■ Task directions ■
Using the data below, reproduce exactly the lines from the line with "先锋石墨烯踢脚线取暖器家用客厅仿真火焰炭火加湿干衣语音电暖气" to the line with "Design de mandala", both included; pictures must be dropped.

■ Entries supplied ■
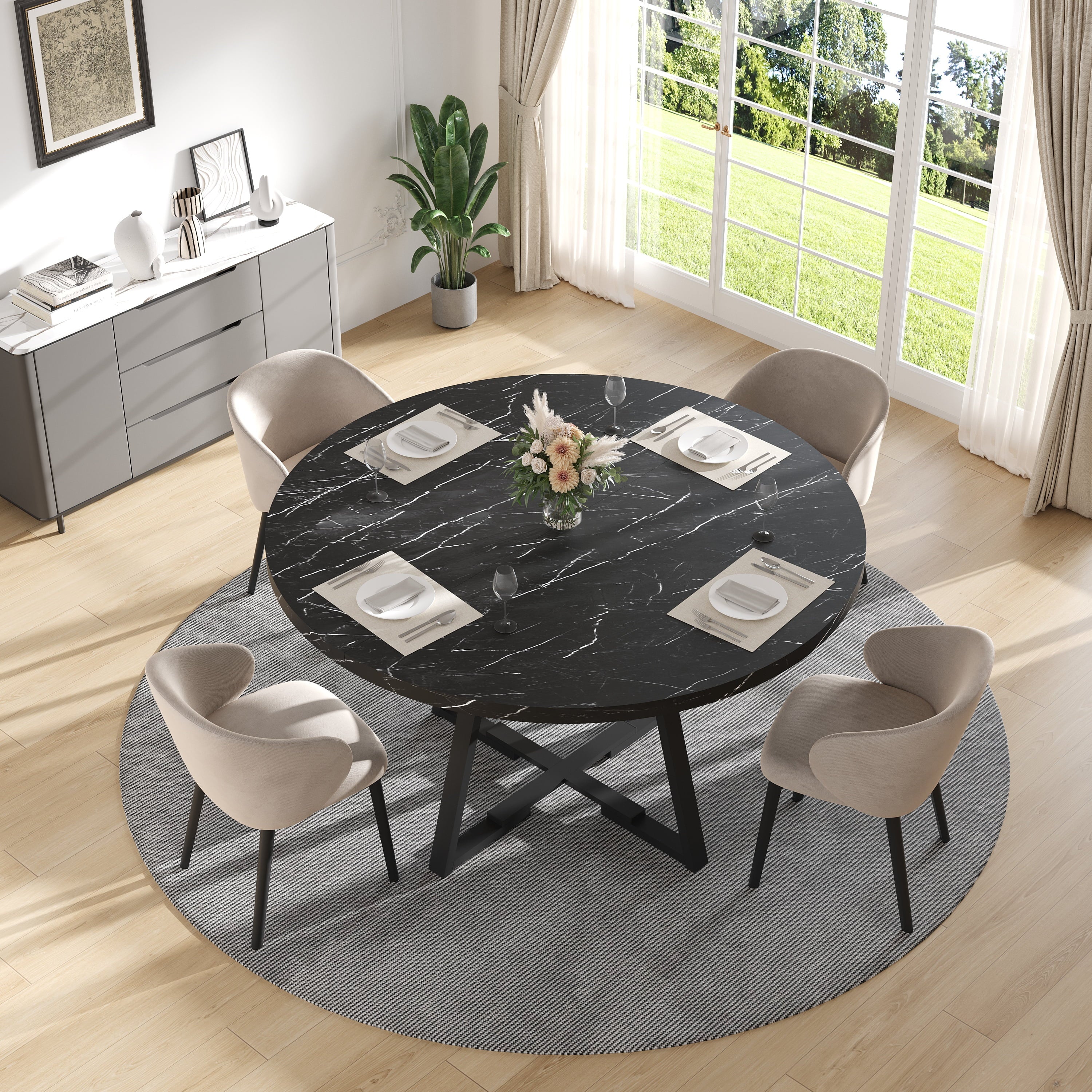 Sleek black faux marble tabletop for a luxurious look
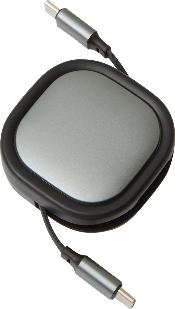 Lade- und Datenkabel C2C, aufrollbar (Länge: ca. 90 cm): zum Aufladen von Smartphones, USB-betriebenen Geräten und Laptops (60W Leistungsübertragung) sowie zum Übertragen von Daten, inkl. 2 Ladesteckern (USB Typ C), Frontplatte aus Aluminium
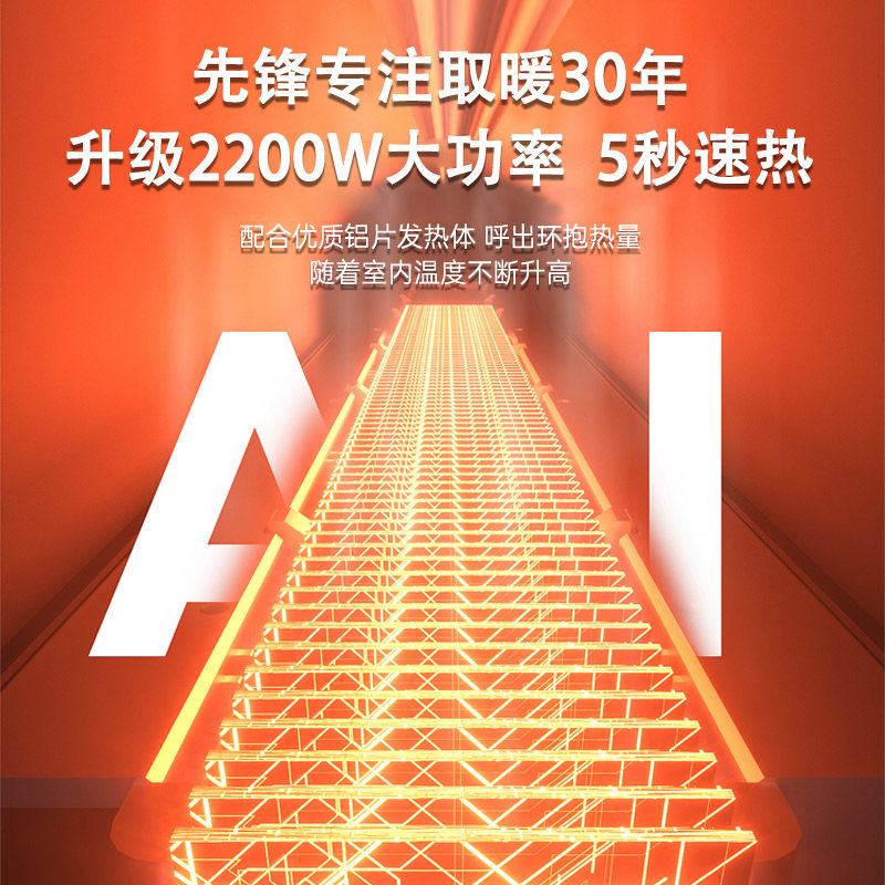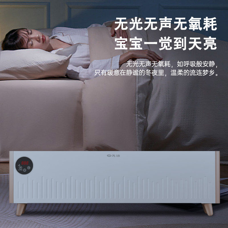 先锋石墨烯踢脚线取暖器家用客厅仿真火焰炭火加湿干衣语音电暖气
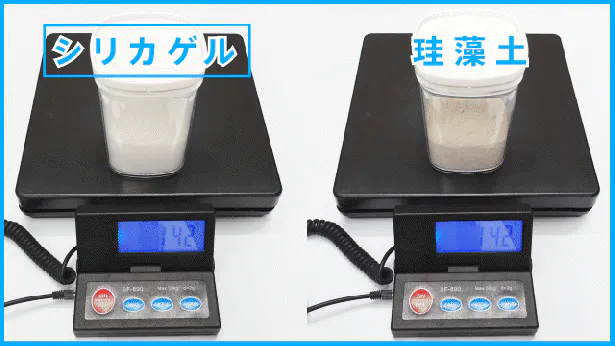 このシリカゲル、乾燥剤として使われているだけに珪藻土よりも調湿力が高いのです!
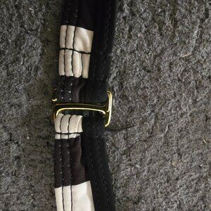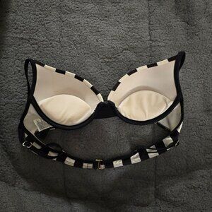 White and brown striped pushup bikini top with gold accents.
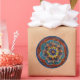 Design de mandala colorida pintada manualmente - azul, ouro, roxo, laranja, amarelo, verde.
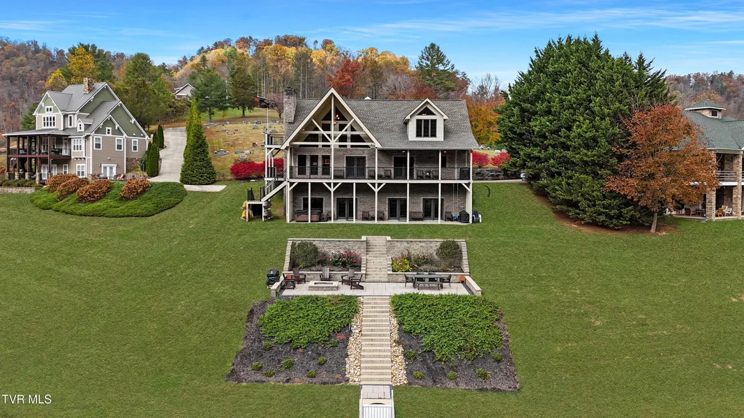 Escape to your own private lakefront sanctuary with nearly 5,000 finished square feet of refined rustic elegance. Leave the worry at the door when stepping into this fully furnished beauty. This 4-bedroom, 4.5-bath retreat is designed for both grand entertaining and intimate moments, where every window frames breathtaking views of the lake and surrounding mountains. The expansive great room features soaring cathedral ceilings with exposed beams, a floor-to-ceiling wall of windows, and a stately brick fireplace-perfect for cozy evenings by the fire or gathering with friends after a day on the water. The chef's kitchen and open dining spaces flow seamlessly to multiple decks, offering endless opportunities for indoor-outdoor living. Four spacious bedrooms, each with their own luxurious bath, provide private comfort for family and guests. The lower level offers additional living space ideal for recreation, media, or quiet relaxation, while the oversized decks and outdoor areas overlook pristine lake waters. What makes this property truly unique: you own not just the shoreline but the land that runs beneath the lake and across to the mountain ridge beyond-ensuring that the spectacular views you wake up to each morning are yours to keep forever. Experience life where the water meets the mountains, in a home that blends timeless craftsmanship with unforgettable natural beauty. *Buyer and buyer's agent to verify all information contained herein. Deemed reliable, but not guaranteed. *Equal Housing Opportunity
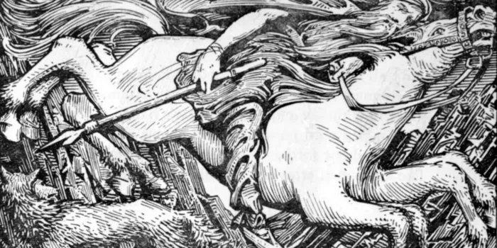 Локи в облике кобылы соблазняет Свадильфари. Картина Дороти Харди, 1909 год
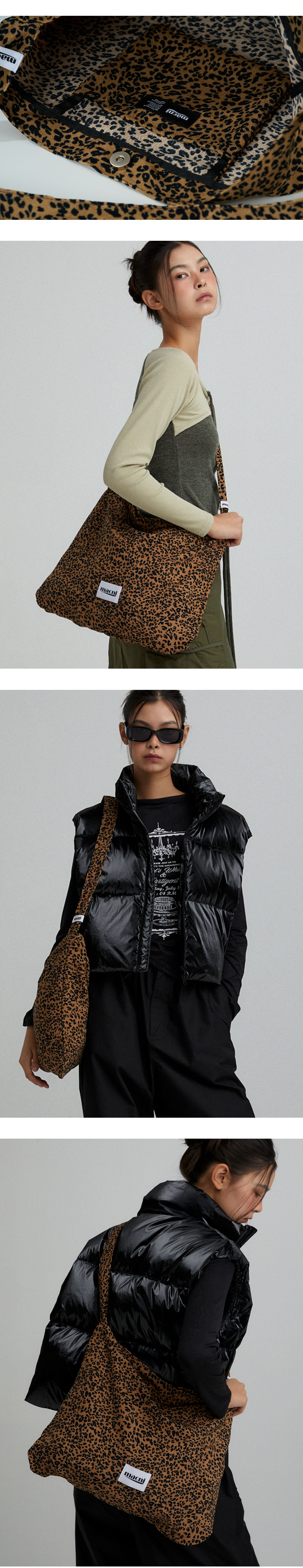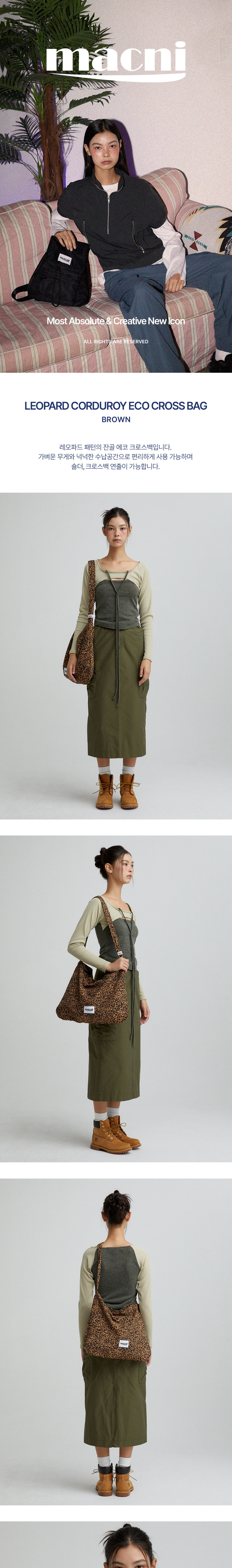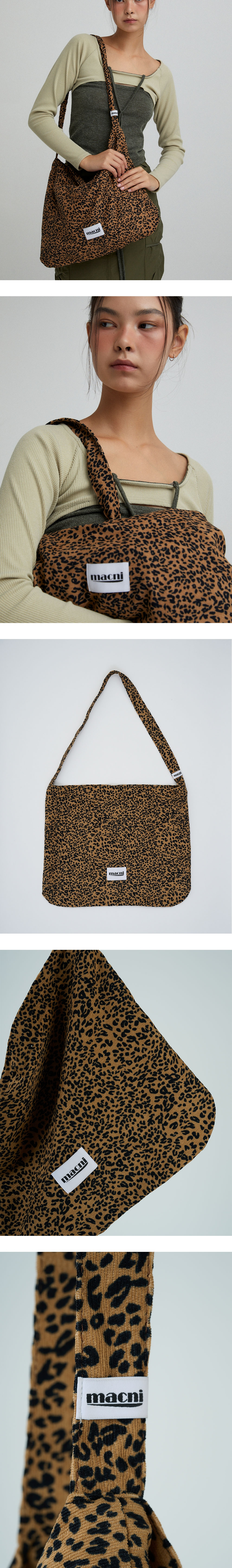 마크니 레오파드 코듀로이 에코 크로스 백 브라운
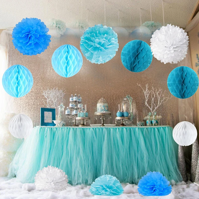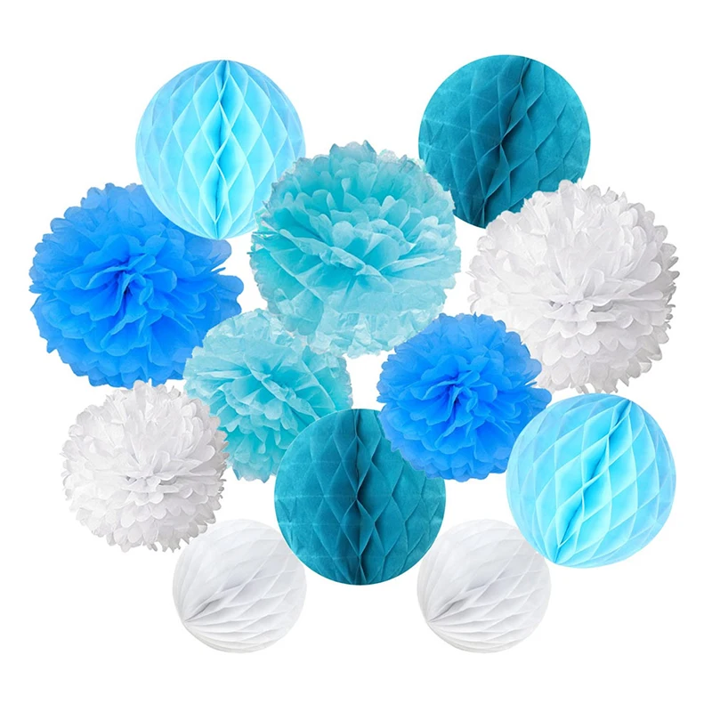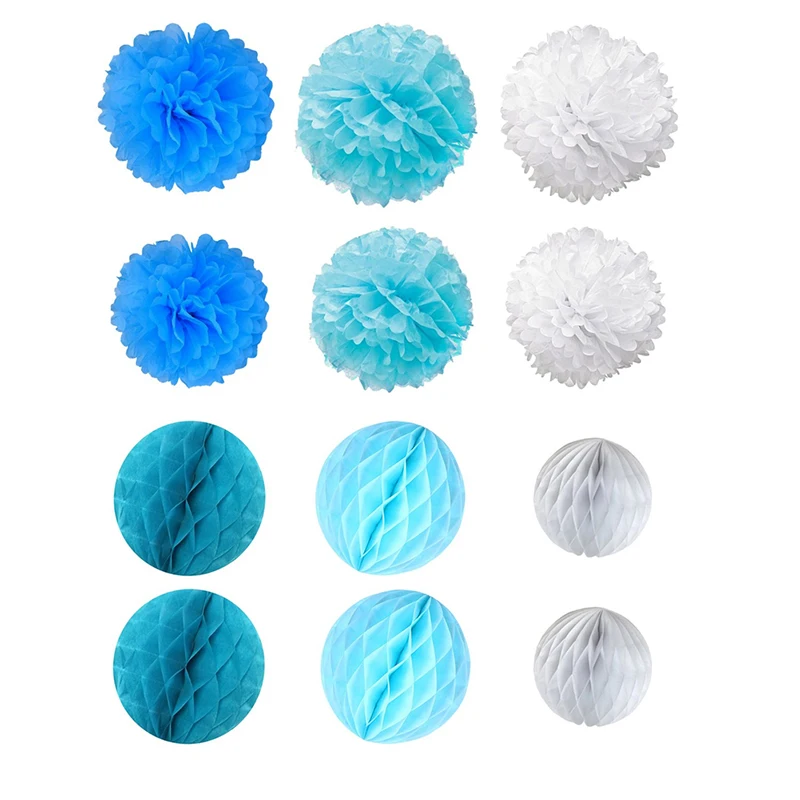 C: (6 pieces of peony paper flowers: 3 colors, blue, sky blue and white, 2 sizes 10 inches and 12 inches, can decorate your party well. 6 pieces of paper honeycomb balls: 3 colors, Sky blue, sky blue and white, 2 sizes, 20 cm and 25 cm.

■ Final answer ■
 先锋石墨烯踢脚线取暖器家用客厅仿真火焰炭火加湿干衣语音电暖气
 このシリカゲル、乾燥剤として使われているだけに珪藻土よりも調湿力が高いのです!
 White and brown striped pushup bikini top with gold accents.
 Design de mandala colorida pintada manualmente - azul, ouro, roxo, laranja, amarelo, verde.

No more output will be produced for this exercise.